DATA TO EXAMINE section start
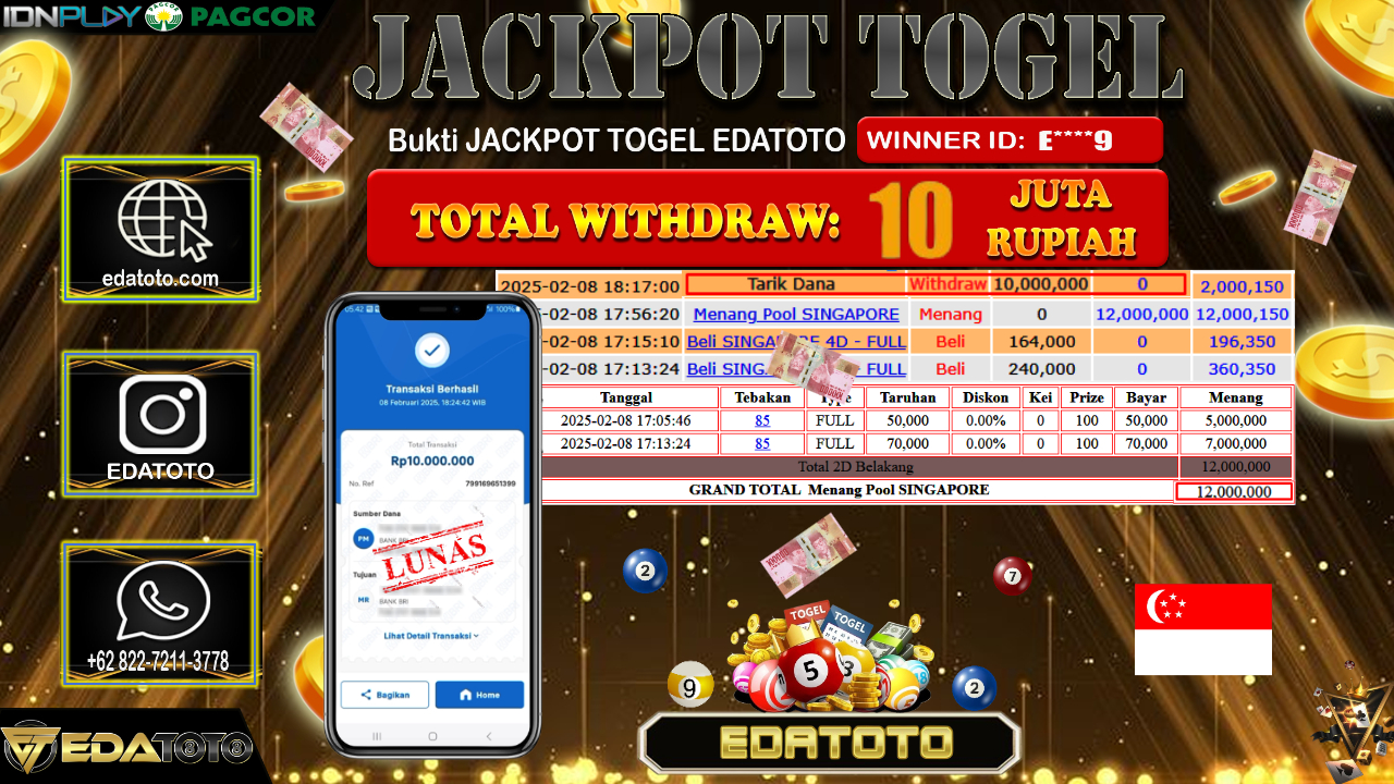 Selamat Kepada Pemilik user ID : AL****0 Hari/Tanggal : Jumat / 07 , FEBRUARY 2025 Jackpot : Rp. 16.500.000 JT . . .
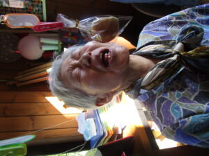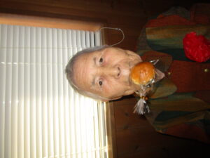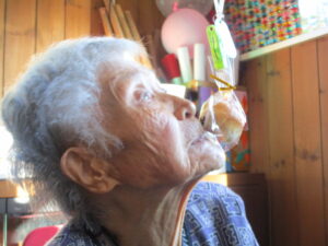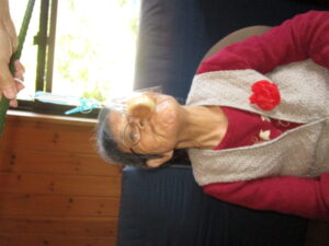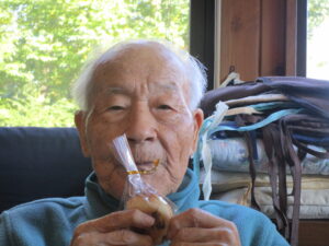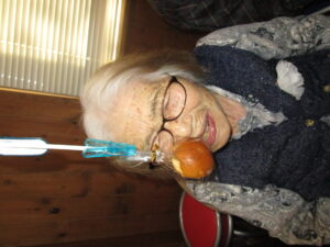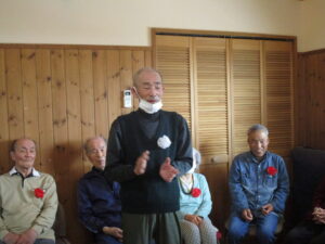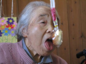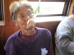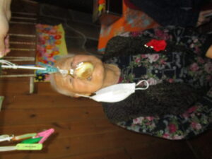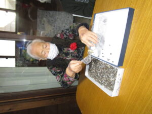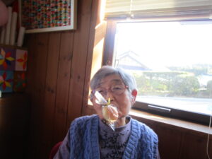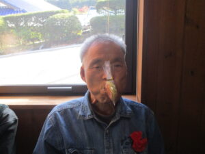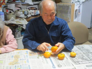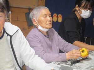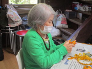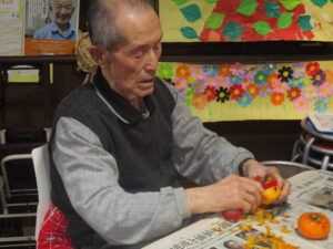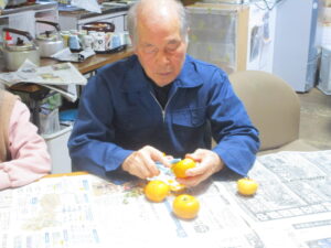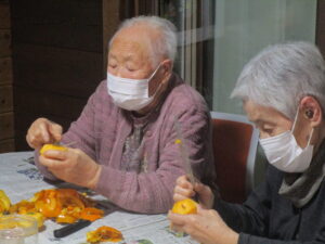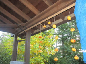 花うたでは渋柿の皮を利用者様に剝いて紐につなげて訪問看護ここ花の入口に干し始めました。
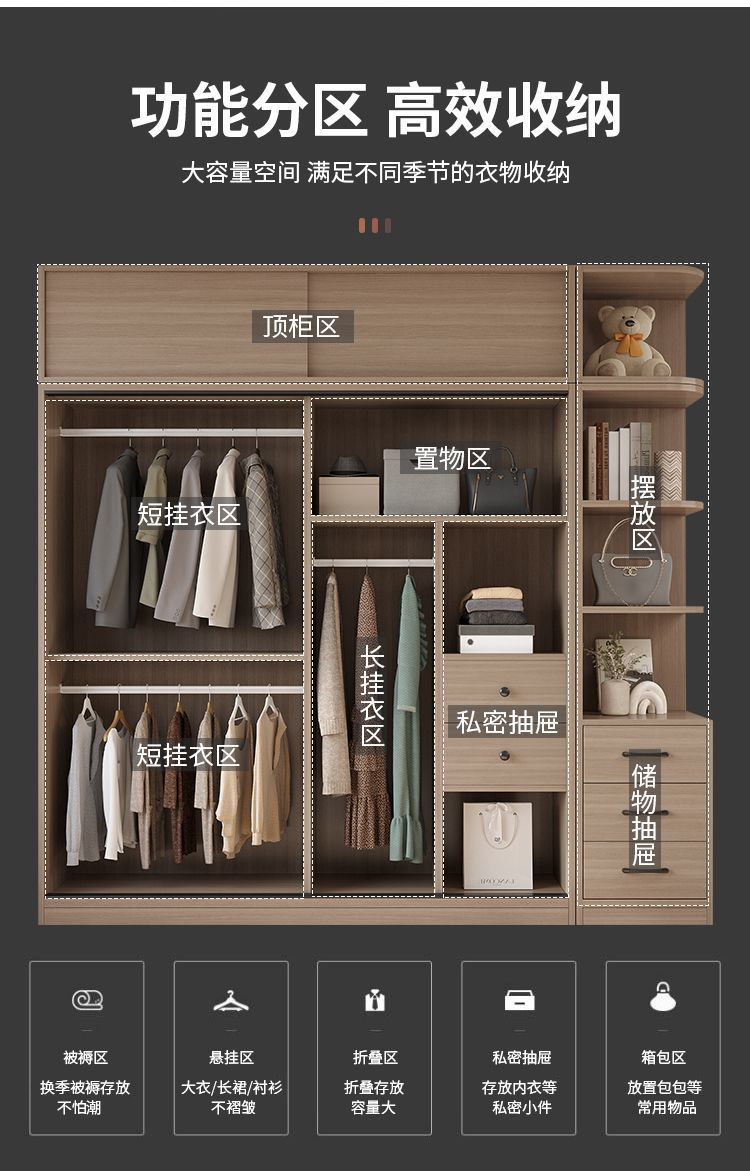 옷장 침실 홈 슬라이딩 도어 캐비닛 현대적인 미니멀리스트 임대 보관 캐비닛 경제적인 대형 옷장
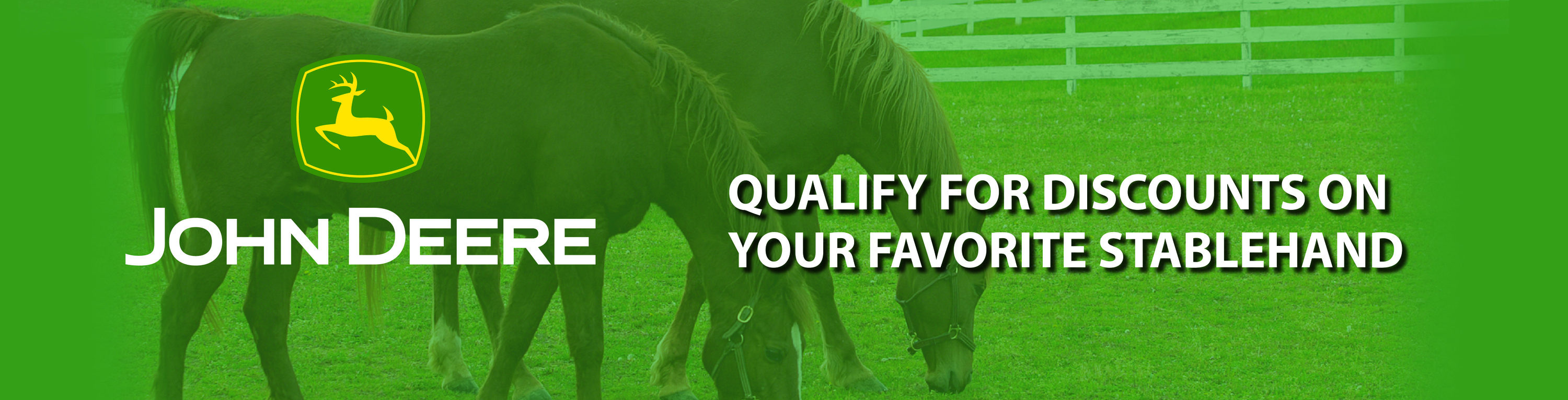 We’ve been the official equipment supplier to the equine industry since 2001 but John Deere, the legendary blacksmith, fit his first horseshoe over 184 years ago. These exclusive equipment discounts are our way of letting you know horsepower continues to be our passion, too.
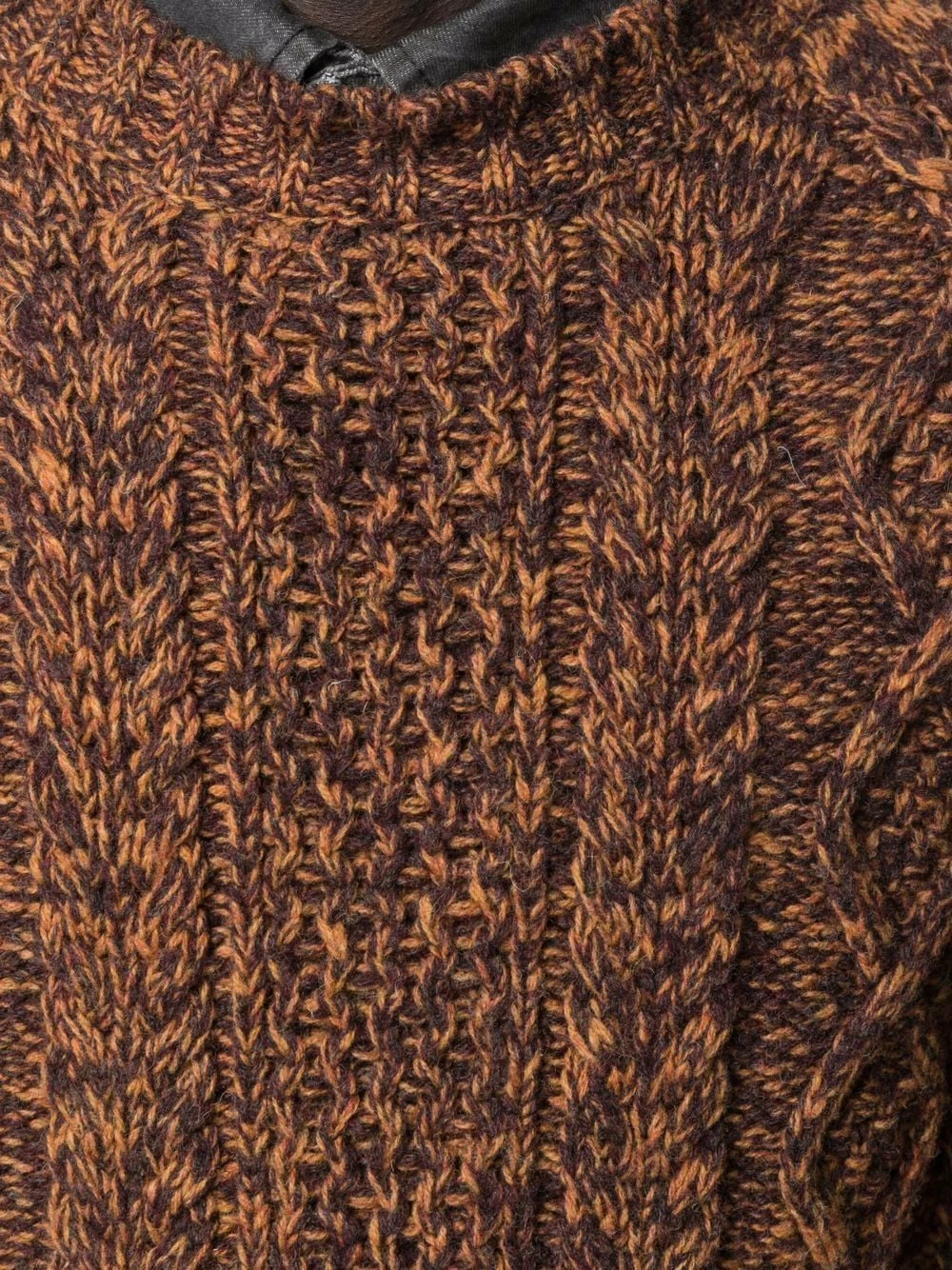 Modèle bicolore, maille épaisse, encolure ronde, manches longues. Matière : laine.
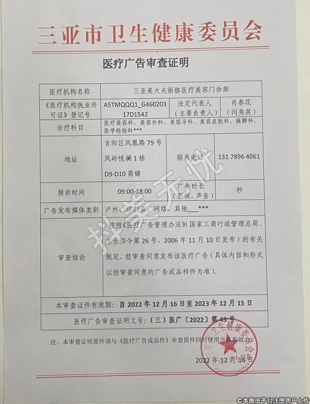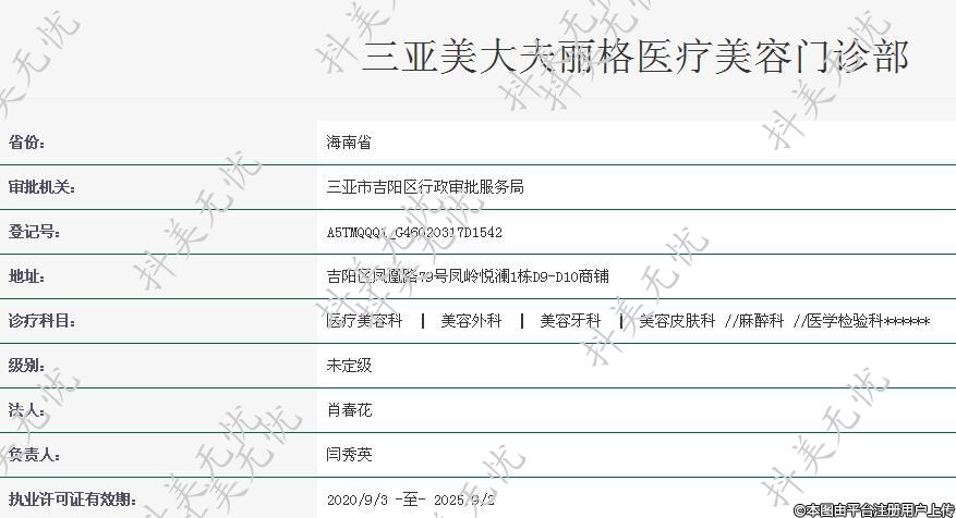 機構(gòu)名稱:三亞美大夫麗格醫(yī)療美容門診部
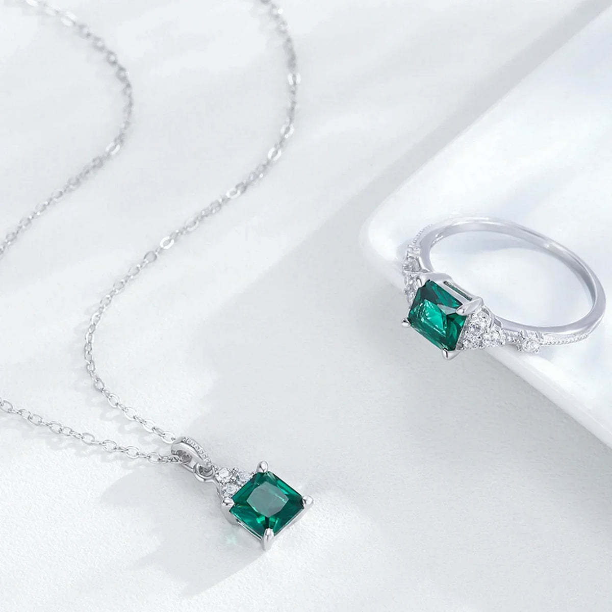 Sublimez votre élégance avec la parure Emerald Grace, une parure époustouflante en argent sterling 925 ornée de zircons carrés verts lumineux. Conçue pour une sophistication moderne, cette parure capture l'essence d'une beauté intemporelle. Idéale pour des fiançailles, des anniversaires ou des occasions spéciales, elle confère un charme royal à chacune de vos tenues.
DATA TO EXAMINE section end
Once the line with "옷장 침실 홈 슬라이딩" has been found above, output that line and every later line exactly, stopping after the line with "機構(gòu)名稱:三亞美大夫麗格醫(yī)療美容門診部", and omit the pictures.

> **RESPONSE AREA**
 옷장 침실 홈 슬라이딩 도어 캐비닛 현대적인 미니멀리스트 임대 보관 캐비닛 경제적인 대형 옷장
 We’ve been the official equipment supplier to the equine industry since 2001 but John Deere, the legendary blacksmith, fit his first horseshoe over 184 years ago. These exclusive equipment discounts are our way of letting you know horsepower continues to be our passion, too.
 Modèle bicolore, maille épaisse, encolure ronde, manches longues. Matière : laine.
 機構(gòu)名稱:三亞美大夫麗格醫(yī)療美容門診部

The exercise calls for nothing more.